Joël-François Durand (1954)

L'Exil du feu (1989)

pour ensemble et électronique

œuvre électronique, Ircam

  • Informations générales
    • Date de composition : 1989
    • Durée : 20 mn
    • Éditeur : Durand, Paris, nº D et F 14527
    • Commande : Ircam-Centre Pompidou
Effectif détaillé
  • 2 flûtes (aussi 1 flûte piccolo), 1 hautbois, 1 clarinette, 1 clarinette basse, 2 bassons (aussi 1 contrebasson), 1 cor, 2 trompettes, 1 trombone, 2 percussionnistes, 1 piano (aussi 1 célesta), 1 contrebasse

Information sur la création

  • Date : 23 mai 1991
    Lieu :

    Paris, Centre Georges-Pompidou


    Interprètes :

    l'Itinéraire, direction : Mark Foster.

Information sur l'électronique
Information sur le studio : Ircam
RIM (réalisateur(s) en informatique musicale) : Zack Settel
Dispositif électronique : dispositif électronique non spécifié

Note de programme

Je tiens à remercier chaleureusement plusieurs personnes avec lesquelles j'ai eu des contacts fréquents pour la réalisation de cette œuvre : Marc Battier qui a donné la première impulsion et qui a si souvent arrondi les angles par la suite, Miller Puckette pour son logiciel MAX et ses conseils d'utilisation impromptus, et aussi, bien sûr, mon assistant Zack Settel pour toute son aide, aussi bien technique que musicale, et pour les réserves d'imagination qu'il a déployées depuis le début du projet.
Joël-François Durand

Depuis de nombreuses années, Joël-François Durand travaille sur la notion de processus de révélation. Cette idée selon laquelle le matériau musical de base n'apparaît qu'à la fin du déroulement de l'œuvre a déjà produit trois œuvres : So er pour 20 instruments, Lichtung pour 10 instruments et Die Innere Grenze pour sextuor à cordes. Il s'agit donc, initialement, de jouer avec le matériau jusqu'à sa révélation ultime.

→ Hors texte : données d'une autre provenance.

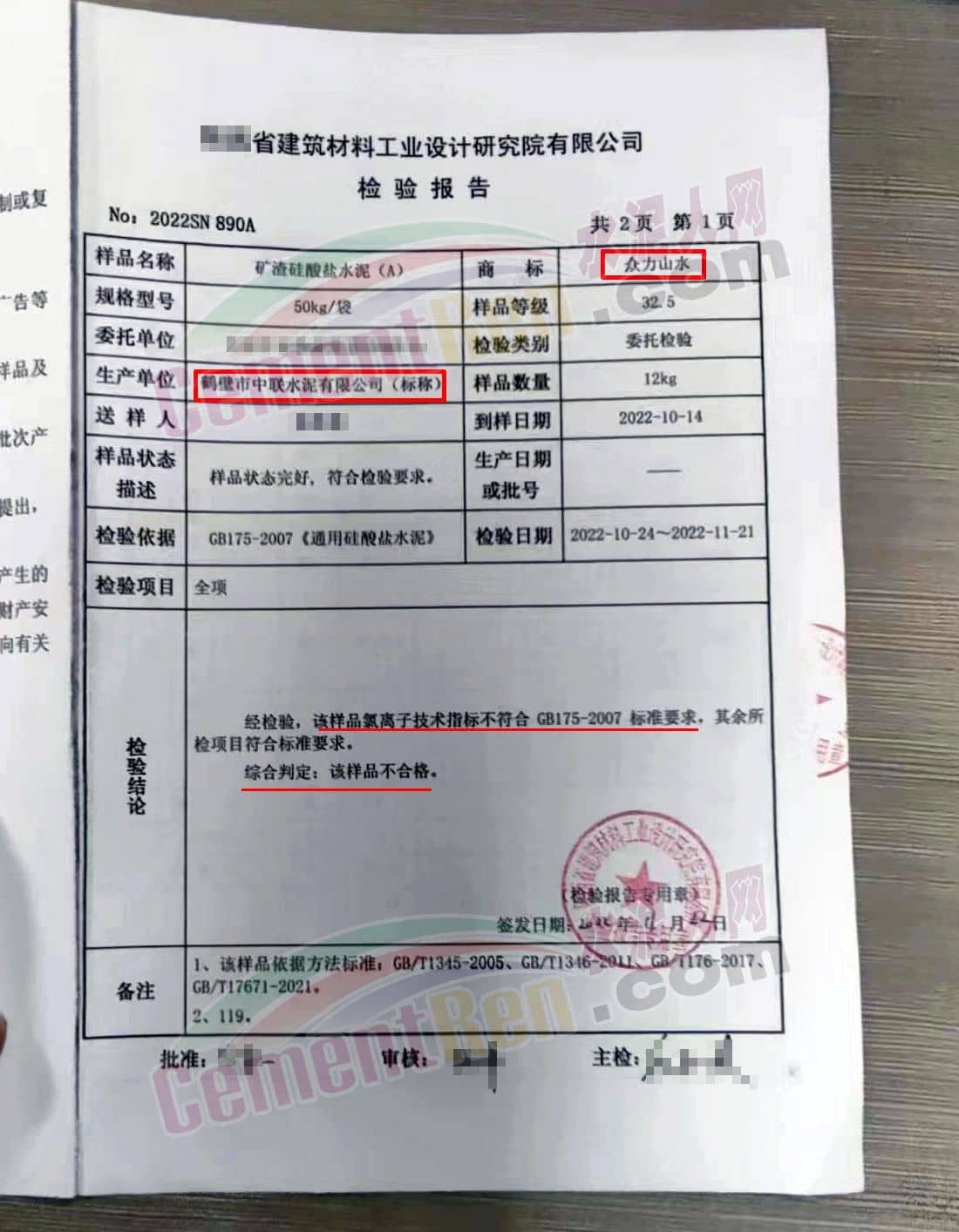 據水泥質量萬里行組委會反饋,在抽檢的不合格水泥中,包括標稱生產單位為鶴壁市中聯水泥有限公司(以下簡稱“鶴壁市中聯水泥”該企業非中國建材集團旗下企業)旗下的“眾力山水”和標稱為“鶴壁中聯”牌的兩個批次P.S.A32.5礦渣硅酸鹽水泥樣品委托檢驗報告檢驗結論均為“氯離子技術指標不符合GB175-2007標準要求,綜合判定為該樣品不合格”。

A l'instar de ce projet, L'Exil du feu propose effectivement un matériau de base qui représente une sorte de réservoir des fonctions mélodiques et harmoniques, mais le phénomène de révélation est systématiquement différé, de sorte qu'il ne nous est jamais « révélé ». Du point de vue formel, cette œuvre laisse apparaître deux moments distincts (ou deux parties) ; l'une mélodique (écriture horizontale), se déployant dans un tempo lent, l'autre davantage harmonique (écriture verticale), quittant progressivement le tempo lent pour gagner un élan pulsatoire plus rapide, et surtout, plus dynamique. Pour Joël-François Durand, la première section est musicalement la plus proche du « centre ». Par la suite, le discours ne parvient pas à se reconstruire, à retrouver son unité originale pour atteindre réellement son dévoilement. Cette remarque détermine un aspect important de la forme construite sur une succession de cycles harmoniques et mélodiques : le premier cycle est constitué d'une longue courbe mélodique qui se trouve progressivement enrichie d'accords et de polyphonies secondaires.

C'est à ce niveau que les transformations électroniques se glissent dans le matériau et agissent sur lui, tantôt pour aliéner les éléments mélodiques de leur origine, tantôt pour les en rapprocher. Le travail à l'ordinateur a consisté à créer des matériaux de hauteurs transformées suivant un principe de transposition variable.Ainsi, des courbes mélodiques apparaissant à certains endroits sont-elles « modulées » — au sens où en modulation de fréquence, la fréquence porteuse est modulée par la fréquence modulante — les unes par les autres.

Cette écriture intègre la perception en réalisant des interpolations entre les matériaux originaux transformés jouant un rôle ambigu dans le processus formel, puisqu'il est possible de retrouver ça et là dans la pièce le profil original d'une mélodie affecté d'intervalles et de rythmes différents. La perception distanciée de son point d'origine est liée à la réminiscence.Le titre de l'œuvre – Exil du feu – devient alors éloquent d'une démarche métaphorique où la puissance créatrice (le feu) générant la poussée dyonisiaque du matériau est éloignée du centre (exil). Cette analogie tient lieu de fonction programmatique et formelle.

Note : citations de Joël-François Durand en italique

Danielle Cohen-Levinas, programme du concert Itinéraire, les 23 et 24 mai 1991, Centre Georges-Pompidou.